The Prime Minister and her Cabinet should be horrified.
The change in policy, which means single parents now have to provide for their families on only the Newstart unemployment allowance, which provides a paltry $35 a day, is designed to save treasurer Wayne Swan’s precious budget millions.
Yet the much-talked-about mining tax, which was to provide the government with a new revenue stream, has provided the budget with nothing.
How the government can consciously explain taking money from the poor and nothing from the rich mining companies that reap millions of dollars in profits from Australia’s natural resources is unfathomable.
Cutting welfare payments is designed to force single parents into work, but the policy is flawed.

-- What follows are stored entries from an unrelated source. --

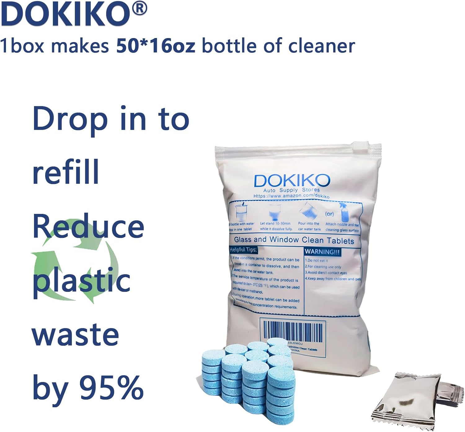 • 【Cost-Effective & Space-Saving】 Save money and storage space! 1 tablet makes 16 fl oz of cleaner spray, and 1 pack provides a year’s supply. Also works as windshield washer fluid (1 tablet = 1 gallon).
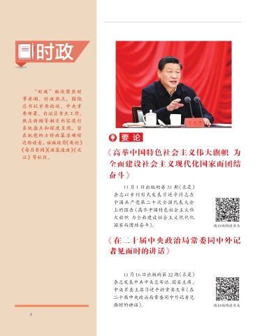 《每月要闻》《政策速递》《关 《高举中国特色社会主义伟大旗帜 为
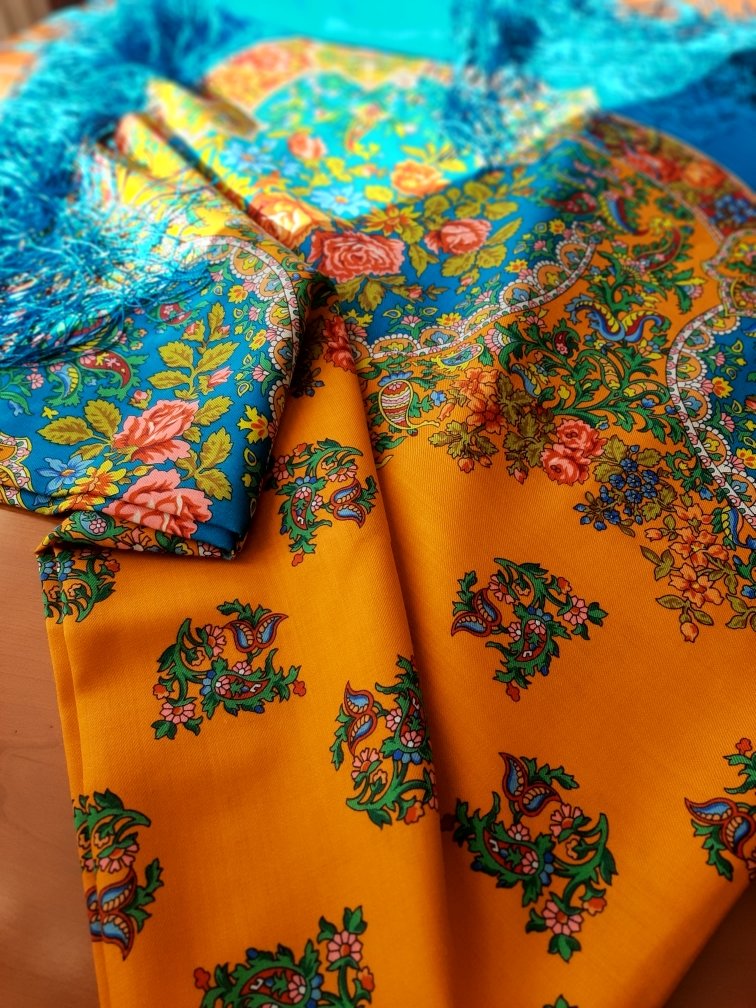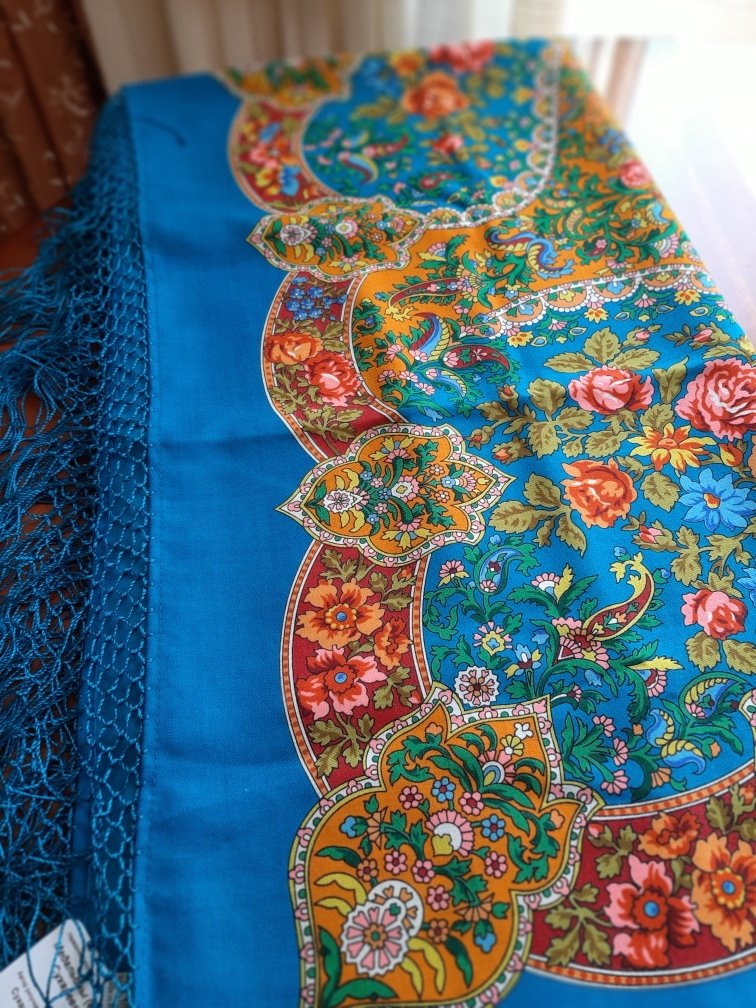 Открываю пакет с почты, а там ... голубая Шаль! Что такое? Разворачиваю... а там - ! Солнышко с бирюзой, драгоценные каменья! Полный восторг! Голубого - почти полшали, можно подогнуть оранжевую серединку - и вот она уже голубая, с голубой бахромой! А можно - развернуть во всей красе! Ух! :: :: ::
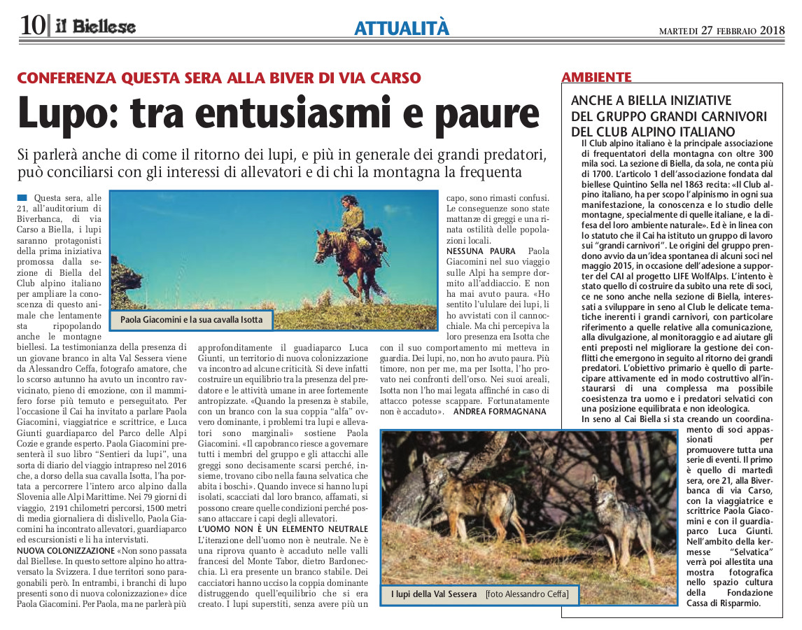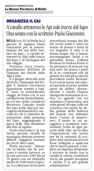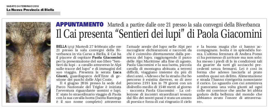 A cavallo attraverso le Alpi sulle tracce del lupo Una serata con la scrittrice Paola Giacomini

Most parents would rather work, if they could find a job that suited the needs of their children. But what they are finding is the needs of employers do not match the needs of families.
Single parents have to juggle getting children to and from school and to other activities, such as sports training or music lessons. The flexibility they need is not available.
The children can’t be left to fend for themselves while their mother or father is at work trying to earn the money that will provide tomorrow night’s dinner.
Reports at the weekend said some single mothers were turning to prostitution and working in strip clubs to provide for their families.
Also, it was reported the Prime Minister’s own electorate of Lalor has the highest number of single parents who have been impacted by her government’s shoddy decision.
Hardly an example of the local member serving the needs of her constituents!
Treasurer Wayne Swan also has his own problems, with an opinion poll of voters in his Brisbane electorate indicating he would lose his seat if an election was held now.
That’s no endorsement of how he is running the nation’s finances, or his effectiveness as the member for Lilley.
St Vincent de Paul chief executive officer John Falzon has described the federal government’s welfare cost-cutting as a poor policy decision and a cruel and unnecessarily punitive decision.
“It’s a disgrace,” he said, and so do we, along with a long list of others who are incensed by a government which is out of touch with the people it is supposed to protect.
When Labor won government in 2007 Julia Gillard said Labor fought the election knowing Australians deserved better. “I am determined to continue to move Australia forward,” she said at that time.
Why, then, are single parents and their families going backwards?